§ **TASK DESCRIPTION**
Copy out the data in full and exactly, passing over the pictures.

Segment Start: RECORDS FOR THE EXERCISE

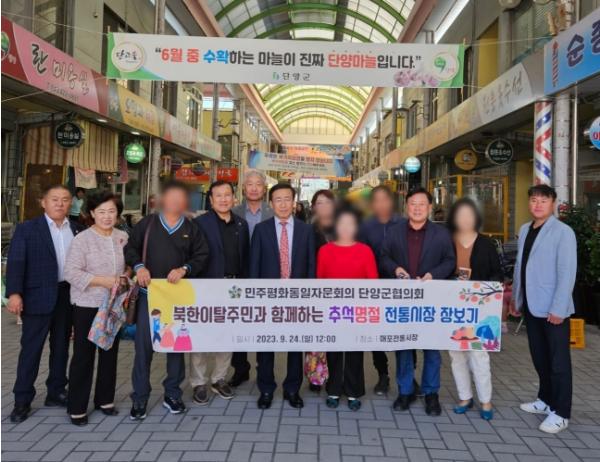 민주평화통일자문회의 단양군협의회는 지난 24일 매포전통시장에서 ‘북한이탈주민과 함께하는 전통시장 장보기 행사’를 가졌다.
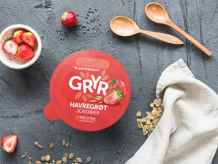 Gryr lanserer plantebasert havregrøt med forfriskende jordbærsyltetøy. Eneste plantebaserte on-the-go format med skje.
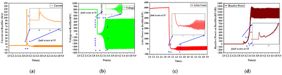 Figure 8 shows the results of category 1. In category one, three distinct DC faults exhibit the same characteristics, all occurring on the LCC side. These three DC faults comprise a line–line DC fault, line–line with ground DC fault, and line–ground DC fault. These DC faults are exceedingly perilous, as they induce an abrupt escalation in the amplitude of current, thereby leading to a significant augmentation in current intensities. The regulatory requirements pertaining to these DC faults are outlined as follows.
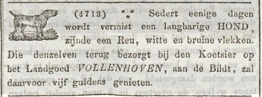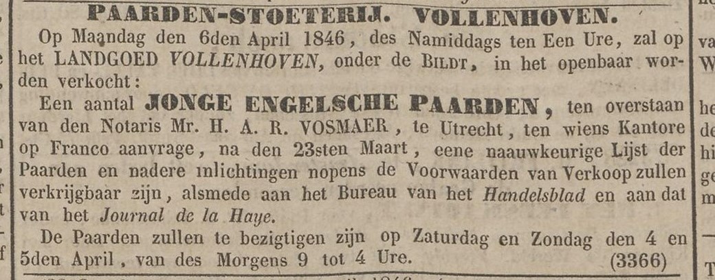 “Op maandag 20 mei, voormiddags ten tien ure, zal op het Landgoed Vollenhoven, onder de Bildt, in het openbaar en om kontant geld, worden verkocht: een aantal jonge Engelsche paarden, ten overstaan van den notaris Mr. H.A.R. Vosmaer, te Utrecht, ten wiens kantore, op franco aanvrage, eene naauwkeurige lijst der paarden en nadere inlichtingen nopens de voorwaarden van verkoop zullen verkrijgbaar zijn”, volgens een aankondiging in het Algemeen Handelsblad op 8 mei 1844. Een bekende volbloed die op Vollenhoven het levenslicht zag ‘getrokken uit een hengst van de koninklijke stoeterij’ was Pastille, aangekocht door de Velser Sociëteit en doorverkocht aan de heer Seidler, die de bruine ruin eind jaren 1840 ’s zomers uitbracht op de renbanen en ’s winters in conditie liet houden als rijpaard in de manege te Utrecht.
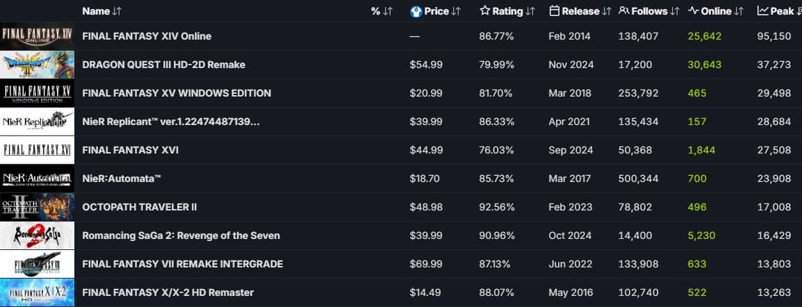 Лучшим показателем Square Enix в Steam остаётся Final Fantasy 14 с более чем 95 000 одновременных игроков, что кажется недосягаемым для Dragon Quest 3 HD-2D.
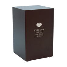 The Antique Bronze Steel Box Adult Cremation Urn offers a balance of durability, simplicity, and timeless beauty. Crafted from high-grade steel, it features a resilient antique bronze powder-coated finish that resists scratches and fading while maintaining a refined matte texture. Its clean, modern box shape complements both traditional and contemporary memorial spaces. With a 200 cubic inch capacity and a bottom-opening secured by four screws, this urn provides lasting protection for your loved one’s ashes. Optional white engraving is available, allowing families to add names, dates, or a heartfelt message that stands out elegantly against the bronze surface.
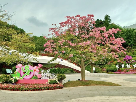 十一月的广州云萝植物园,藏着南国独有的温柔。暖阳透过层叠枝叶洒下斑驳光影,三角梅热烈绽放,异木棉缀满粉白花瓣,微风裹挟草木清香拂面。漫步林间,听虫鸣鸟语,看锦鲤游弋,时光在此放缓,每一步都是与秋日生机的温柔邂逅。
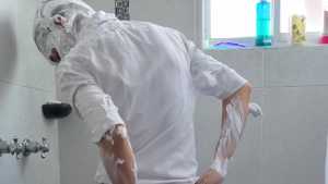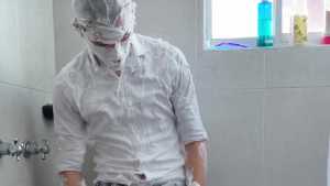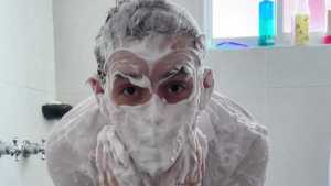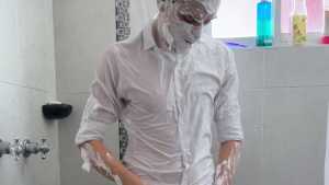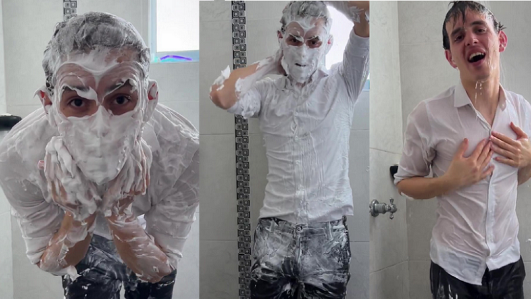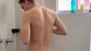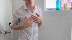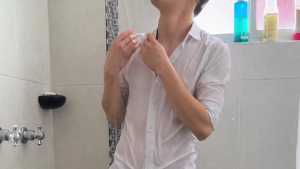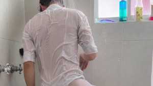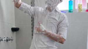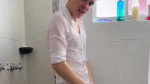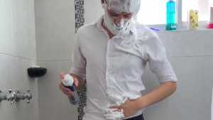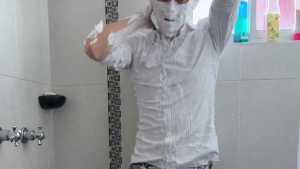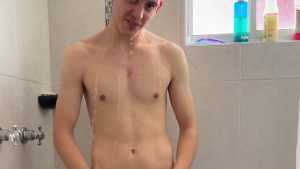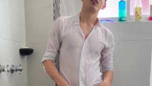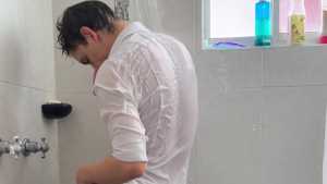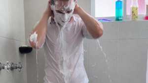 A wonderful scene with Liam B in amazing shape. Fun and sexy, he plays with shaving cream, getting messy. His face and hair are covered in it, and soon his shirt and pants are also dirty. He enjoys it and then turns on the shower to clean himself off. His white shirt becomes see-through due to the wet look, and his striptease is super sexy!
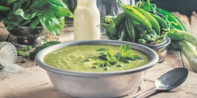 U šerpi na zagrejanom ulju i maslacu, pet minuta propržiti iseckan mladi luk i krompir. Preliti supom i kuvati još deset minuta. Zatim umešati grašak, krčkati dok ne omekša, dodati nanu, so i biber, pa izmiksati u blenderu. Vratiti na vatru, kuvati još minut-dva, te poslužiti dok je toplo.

Segment End: RECORDS FOR THE EXERCISE

§ **TASK ANSWER**
 민주평화통일자문회의 단양군협의회는 지난 24일 매포전통시장에서 ‘북한이탈주민과 함께하는 전통시장 장보기 행사’를 가졌다.
 Gryr lanserer plantebasert havregrøt med forfriskende jordbærsyltetøy. Eneste plantebaserte on-the-go format med skje.
 Figure 8 shows the results of category 1. In category one, three distinct DC faults exhibit the same characteristics, all occurring on the LCC side. These three DC faults comprise a line–line DC fault, line–line with ground DC fault, and line–ground DC fault. These DC faults are exceedingly perilous, as they induce an abrupt escalation in the amplitude of current, thereby leading to a significant augmentation in current intensities. The regulatory requirements pertaining to these DC faults are outlined as follows.
 “Op maandag 20 mei, voormiddags ten tien ure, zal op het Landgoed Vollenhoven, onder de Bildt, in het openbaar en om kontant geld, worden verkocht: een aantal jonge Engelsche paarden, ten overstaan van den notaris Mr. H.A.R. Vosmaer, te Utrecht, ten wiens kantore, op franco aanvrage, eene naauwkeurige lijst der paarden en nadere inlichtingen nopens de voorwaarden van verkoop zullen verkrijgbaar zijn”, volgens een aankondiging in het Algemeen Handelsblad op 8 mei 1844. Een bekende volbloed die op Vollenhoven het levenslicht zag ‘getrokken uit een hengst van de koninklijke stoeterij’ was Pastille, aangekocht door de Velser Sociëteit en doorverkocht aan de heer Seidler, die de bruine ruin eind jaren 1840 ’s zomers uitbracht op de renbanen en ’s winters in conditie liet houden als rijpaard in de manege te Utrecht.
 Лучшим показателем Square Enix в Steam остаётся Final Fantasy 14 с более чем 95 000 одновременных игроков, что кажется недосягаемым для Dragon Quest 3 HD-2D.
 The Antique Bronze Steel Box Adult Cremation Urn offers a balance of durability, simplicity, and timeless beauty. Crafted from high-grade steel, it features a resilient antique bronze powder-coated finish that resists scratches and fading while maintaining a refined matte texture. Its clean, modern box shape complements both traditional and contemporary memorial spaces. With a 200 cubic inch capacity and a bottom-opening secured by four screws, this urn provides lasting protection for your loved one’s ashes. Optional white engraving is available, allowing families to add names, dates, or a heartfelt message that stands out elegantly against the bronze surface.
 十一月的广州云萝植物园,藏着南国独有的温柔。暖阳透过层叠枝叶洒下斑驳光影,三角梅热烈绽放,异木棉缀满粉白花瓣,微风裹挟草木清香拂面。漫步林间,听虫鸣鸟语,看锦鲤游弋,时光在此放缓,每一步都是与秋日生机的温柔邂逅。
 A wonderful scene with Liam B in amazing shape. Fun and sexy, he plays with shaving cream, getting messy. His face and hair are covered in it, and soon his shirt and pants are also dirty. He enjoys it and then turns on the shower to clean himself off. His white shirt becomes see-through due to the wet look, and his striptease is super sexy!
 U šerpi na zagrejanom ulju i maslacu, pet minuta propržiti iseckan mladi luk i krompir. Preliti supom i kuvati još deset minuta. Zatim umešati grašak, krčkati dok ne omekša, dodati nanu, so i biber, pa izmiksati u blenderu. Vratiti na vatru, kuvati još minut-dva, te poslužiti dok je toplo.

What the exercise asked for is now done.